In most heterogeneous catalytic processes, the reactive environment contains a mixture of reactants, intermediates, and products, and some adsorbed-trapped on the catalytic surface and elsewhere. Thus, most reacting environments in catalysis are complex, involve several phases (multiphase), and comprise unstable species or are challenging to analyze. To make things worse, some of these species have (auto-)catalytic or deactivating nature on the kinetics of the surrounding ones.

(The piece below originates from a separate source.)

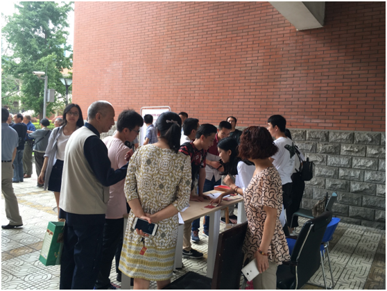 从早上九点开始,陆续迎来昔日a漫 的学子,他们有的年过半百,有的风华正茂,络绎不绝地赶到校友签到处,在老师的带领下,在学院提前准备好的休息室里回忆往事,相谈甚欢。今年a漫 不光准备了校庆餐券给广大校友,还有特别定制的a漫 120周年校庆校徽,除此之外还有精心制作的签名墙供大家签名留影。还有a漫 e发基金活动也受到了校友们的重视,许多校友在现场进行捐赠,希望为a漫 建设出一份力。整个签到活动持续全天,从早到晚,校友接踵而至,学院门口熙熙攘攘。在基础教学楼前,a漫 还进行了双创活动的展示,将学院老师以及同学的一些杰出成果展示给参加校庆的所有校友,大家都拿出自己的杰出作品得到了老师和校友们的赞赏,吸引了许多同学驻足。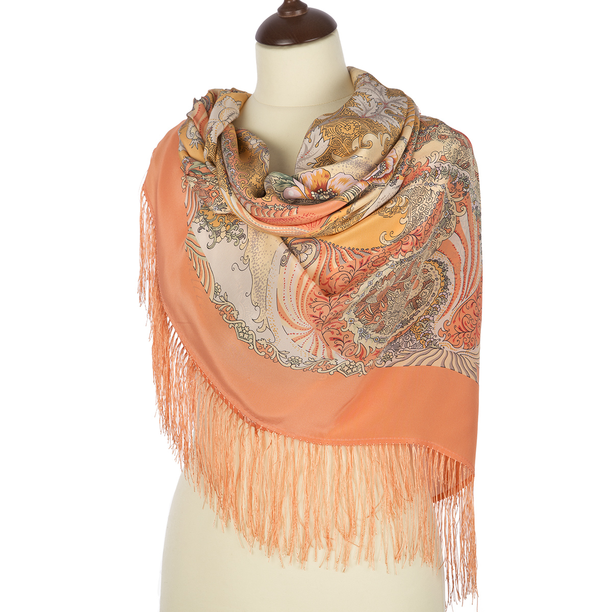 Платок шелковый (крепдешин, бахрома) "Ласковый прибой", вид 3, 130х130 см

A typical practice in catalysis is using model molecules or surrogates to deepen into the mechanistic pathways, microkinetics, spectroscopy, etc. Conversely, analytical techniques keep evolving, becoming more precise but always targeting a specific fraction or type of species. That is to say, there is only one technique that solves all.

We aim to bridge the fundamental research performed in our group and outside using model molecules with a powerful analytical multi-technique approach to analyze the entire reaction media. The -omics fields inspire us to reflect on the collective characterization and quantification of pools of molecules that translate into the structure, function, and dynamics involved. We apply our approach to hydrocarbon transformations and green-sustainable feedstock (i.e., waste plastics, sewage sludge, biomass, algae, and seaweed). We develop multi-technique analytical protocols for the complete chemical molecular-level description of complex mixtures.

Goals

  • Analytical workflow ⇒ multi-analytical technique integration
  • Wasteometrics I ⇒ quantitative- and molecular-level analysis
  • Wasteometrics II ⇒ data mining and processing
  • Wasteomics ⇒ reaction networks and kinetic modeling

Related People

Related Publications

In-Depth Analysis of Raw Bio-Oil and Its Hydrodeoxygenated Products for a Comprehensive Catalyst Performance Evaluation

by Hita, Cordero-Lanzac, Kekalainen, Okafor, Rodriguez-Mirasol, Cordero, Bilbao, Janis, Castaño
ACS Sustainable Chem. Eng. Year: 2020 DOI: https://doi.org/10.1021/acssuschemeng.0c05533

Abstract

Biomass pyrolysis liquids (bio-oils) unavoidably require catalytic hydrodeoxygenation (HDO) for their upgrading and stabilization for commercial usage. The complex composition of bio-oil constrains the fundamental kinetic understanding of HDO. Here, we propose a multitechnique methodology to compositionally assess the complete spectrum of the HDO reactants and products and then use it to pre-evaluate different catalysts in the HDO of a raw bio-oil obtained from black poplar. The used techniques are: micro (gas) chromatography (GC), GC with mass spectrometry (GC/MS), bidimensional GC × GC/MS, elemental analysis (EA), gel permeation chromatography (GPC), Karl Fischer, thermogravimetric analysis (TGA), as well as Fourier transform ion cyclotron resonance mass spectrometry (FT-ICR/MS) using different ionization sources (electrospray ionization (ESI) and atmospheric pressure photoionization (APPI)). FT-ICR/MS allows for the assessment of the heaviest and most refractory oxygenates in bio-oil, which have a pivotal role in HDO catalyst performance. Three activated carbon-supported catalysts based on PtPd, NiW, and CoMo mixed with a commercial HZSM-5 zeolite were used. We have been able to evaluate the multiple facets of catalyst performance: production of gases, catalytic coke, thermal lignin, and, most importantly, the aqueous and organic product fractions (hydrodeoxygenation of heavy species and production of light aromatics). The results of the detailed analytical methodology highlight their potential for understanding the HDO mechanism and for a detailed catalyst screening.